- TASK GOAL -
Please repeat exactly the lines below from the line with "Municipal market and" to the line with "PLATE LXXXI Flower", including both, and leave out every picture.

(Beginning of TASK MATERIAL)

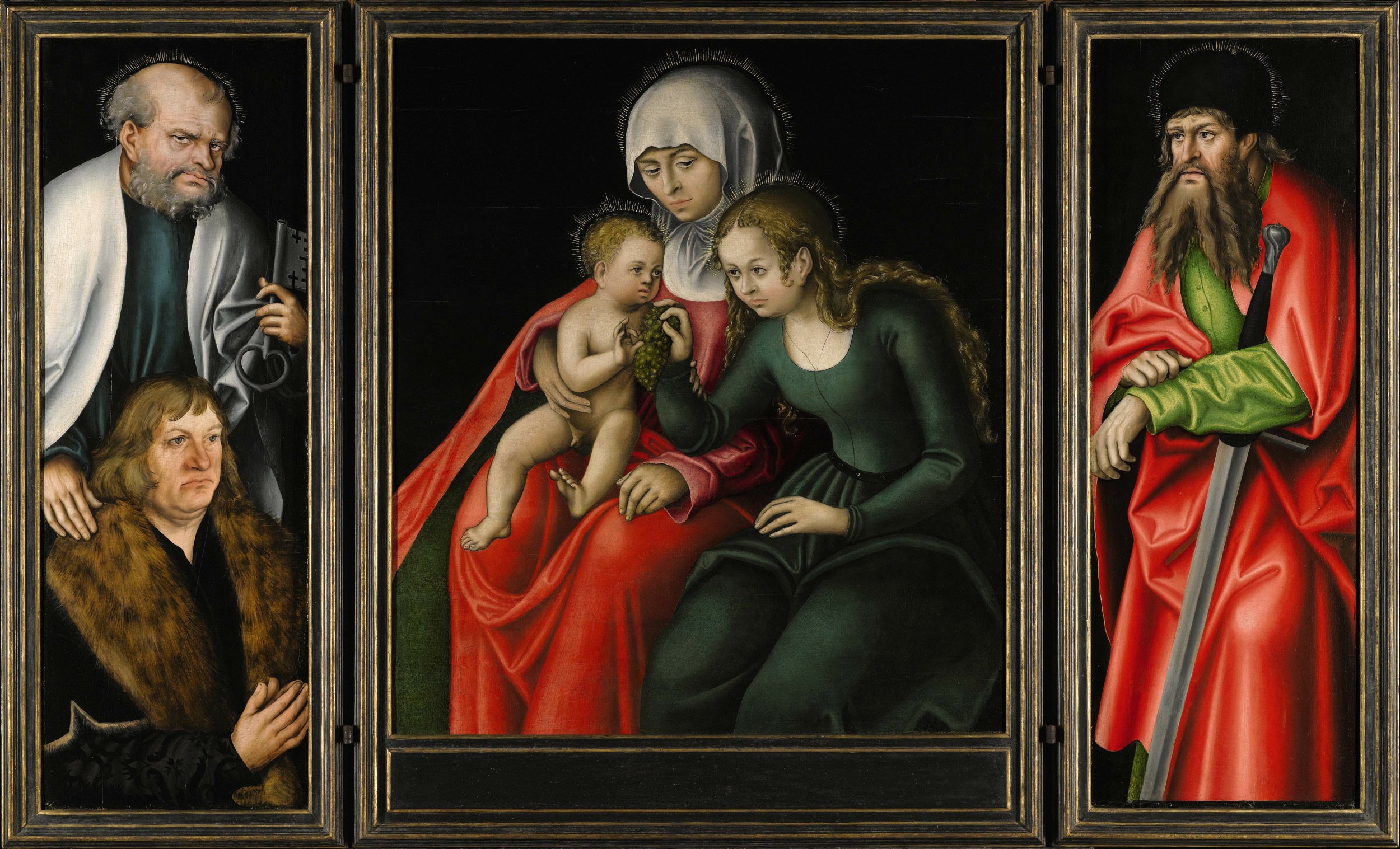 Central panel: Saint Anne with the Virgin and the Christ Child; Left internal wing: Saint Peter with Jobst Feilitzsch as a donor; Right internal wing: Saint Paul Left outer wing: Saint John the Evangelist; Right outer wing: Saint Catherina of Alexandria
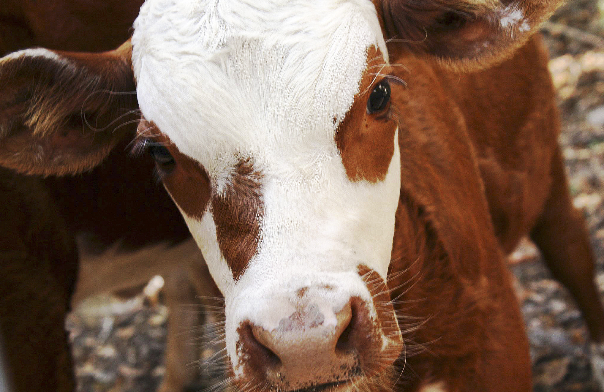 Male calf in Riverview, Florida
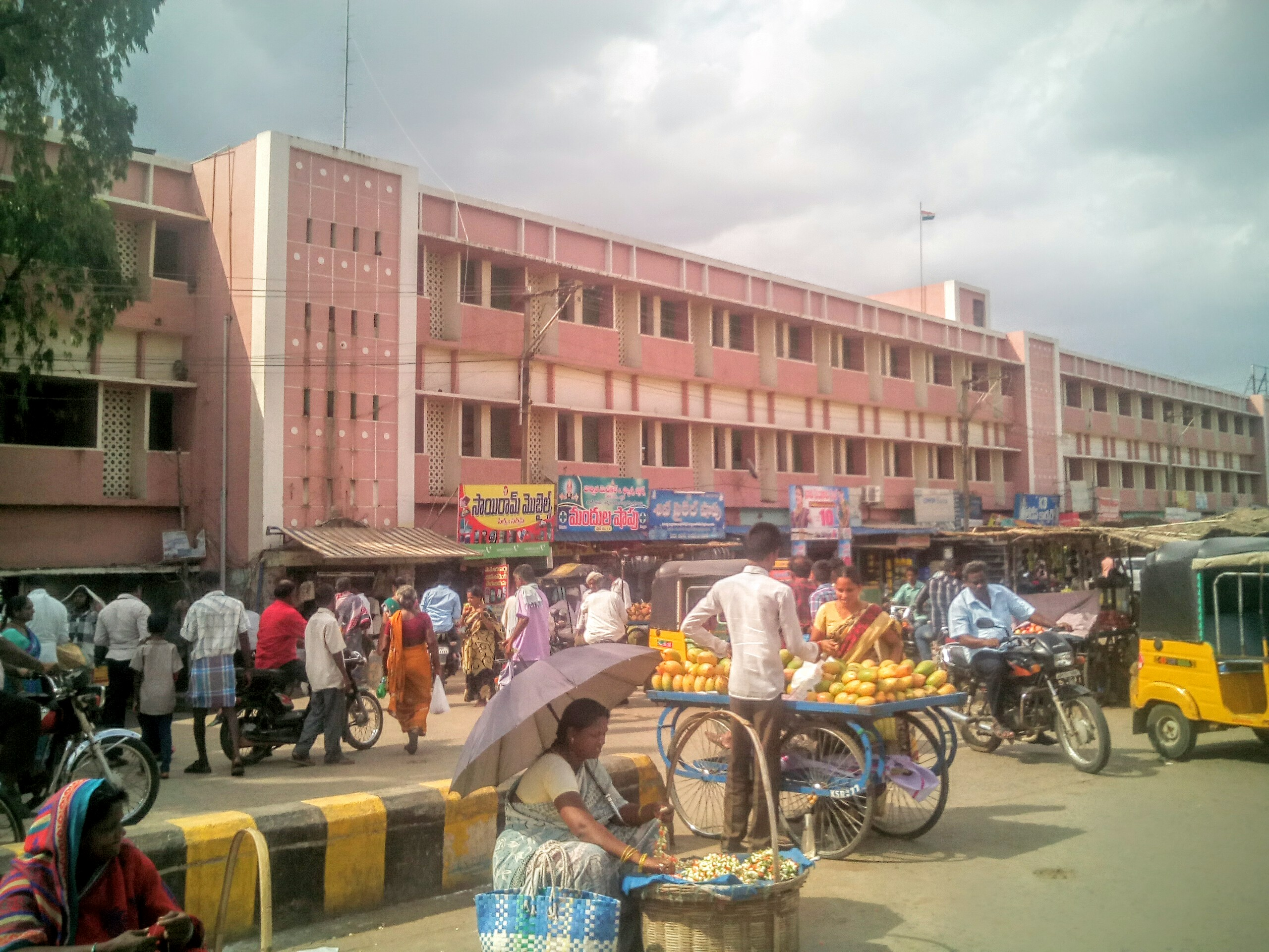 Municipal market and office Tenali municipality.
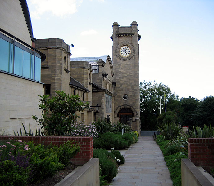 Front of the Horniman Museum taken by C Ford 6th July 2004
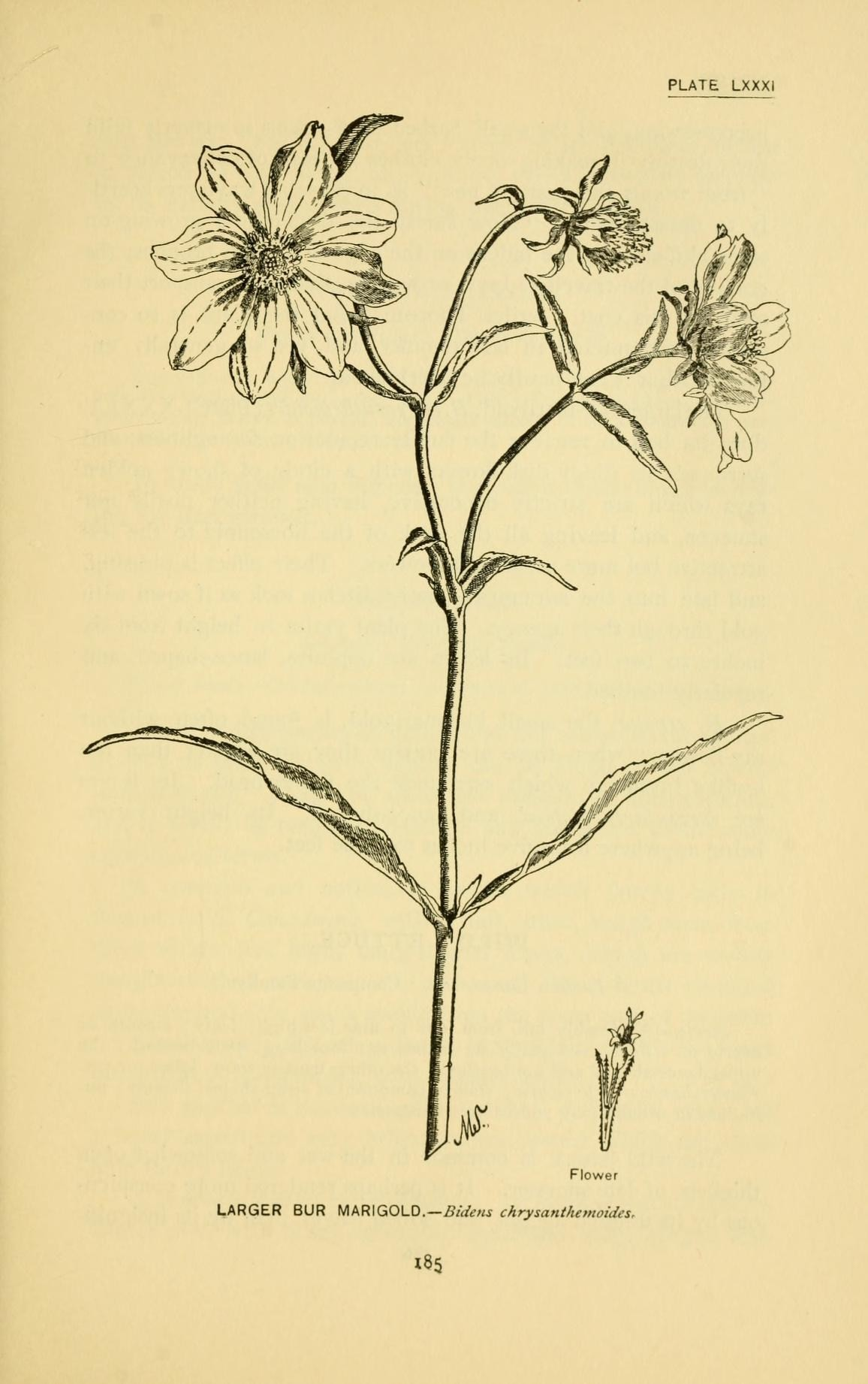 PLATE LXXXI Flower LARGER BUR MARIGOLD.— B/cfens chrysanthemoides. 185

(End of TASK MATERIAL)
(Beginning of TASK MATERIAL)

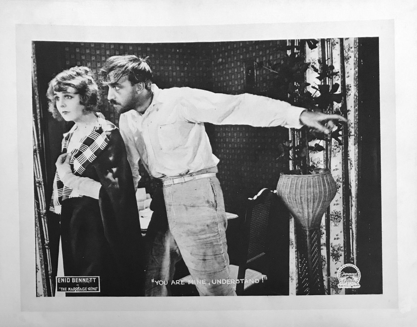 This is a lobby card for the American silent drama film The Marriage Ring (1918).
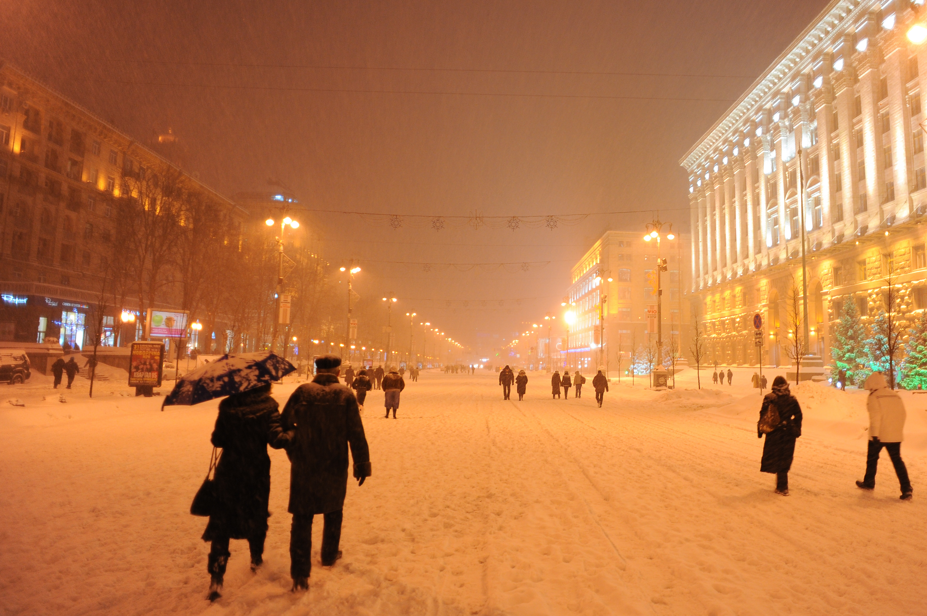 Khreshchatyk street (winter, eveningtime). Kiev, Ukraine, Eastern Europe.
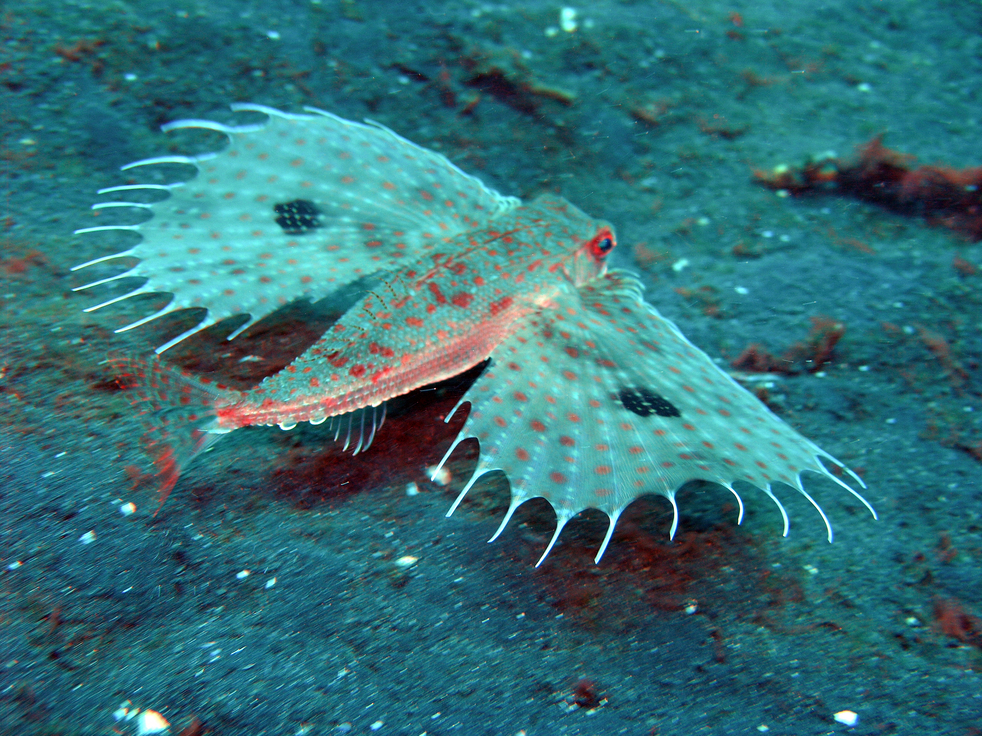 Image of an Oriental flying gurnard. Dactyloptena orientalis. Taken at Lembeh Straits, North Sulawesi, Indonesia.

(End of TASK MATERIAL)
(Beginning of TASK MATERIAL)

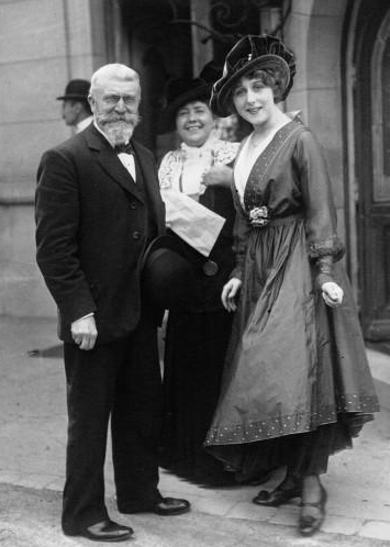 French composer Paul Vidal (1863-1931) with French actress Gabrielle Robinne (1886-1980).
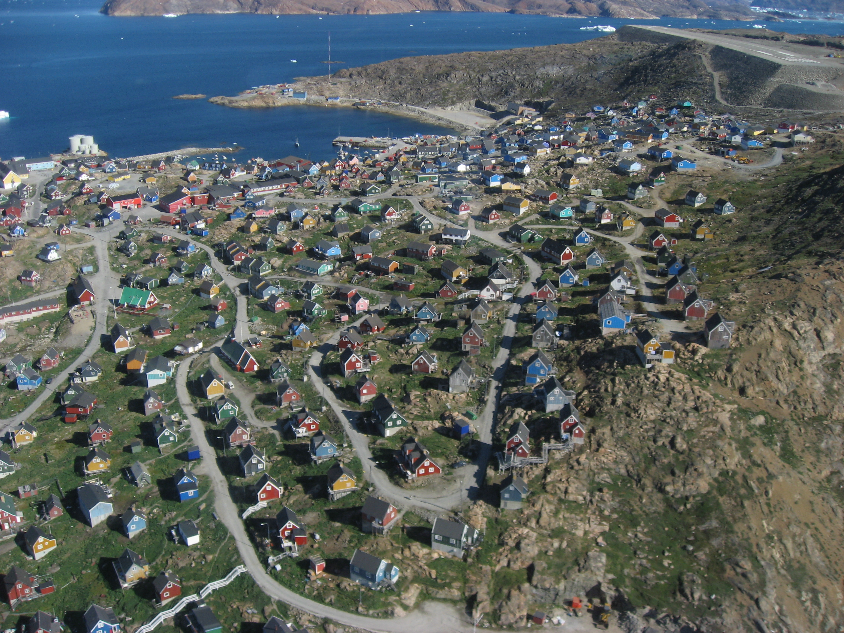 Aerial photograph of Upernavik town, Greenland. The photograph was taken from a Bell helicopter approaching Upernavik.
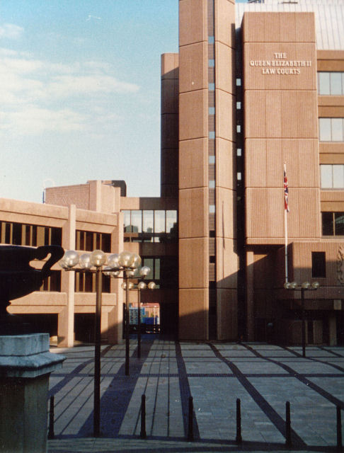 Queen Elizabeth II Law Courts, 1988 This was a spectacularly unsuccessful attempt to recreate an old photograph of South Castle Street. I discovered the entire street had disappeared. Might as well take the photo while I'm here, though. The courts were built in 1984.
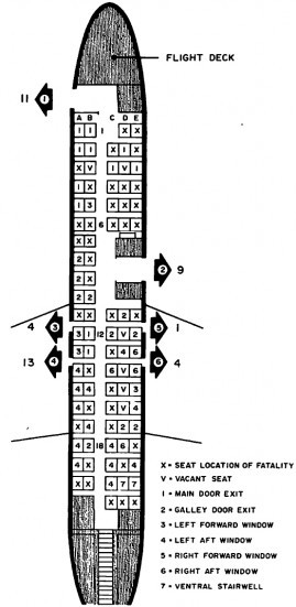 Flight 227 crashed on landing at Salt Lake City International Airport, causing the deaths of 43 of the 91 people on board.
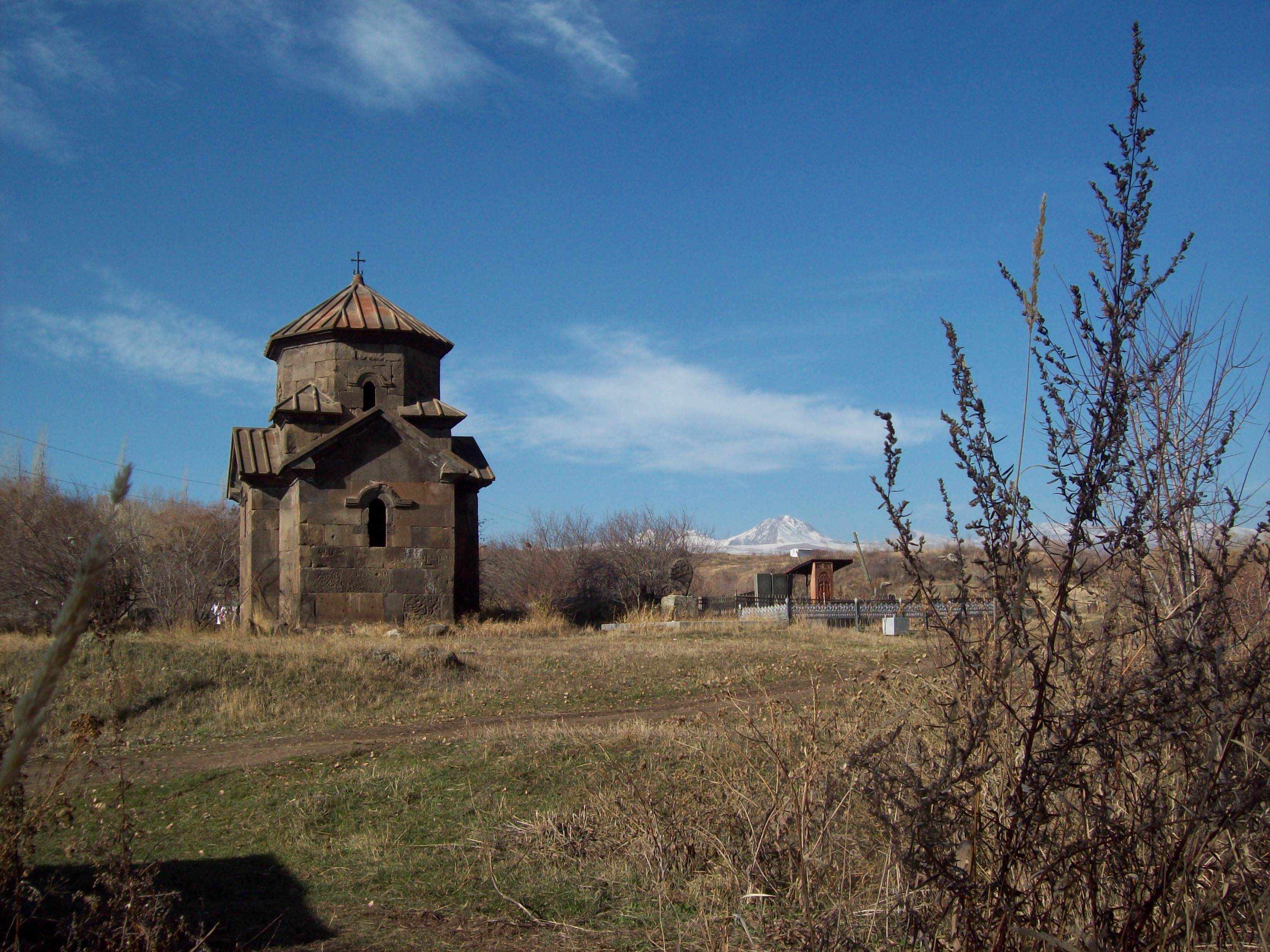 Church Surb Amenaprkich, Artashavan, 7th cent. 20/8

(End of TASK MATERIAL)

- EXERCISE ANSWER -
 Municipal market and office Tenali municipality.
 Front of the Horniman Museum taken by C Ford 6th July 2004
 PLATE LXXXI Flower LARGER BUR MARIGOLD.— B/cfens chrysanthemoides. 185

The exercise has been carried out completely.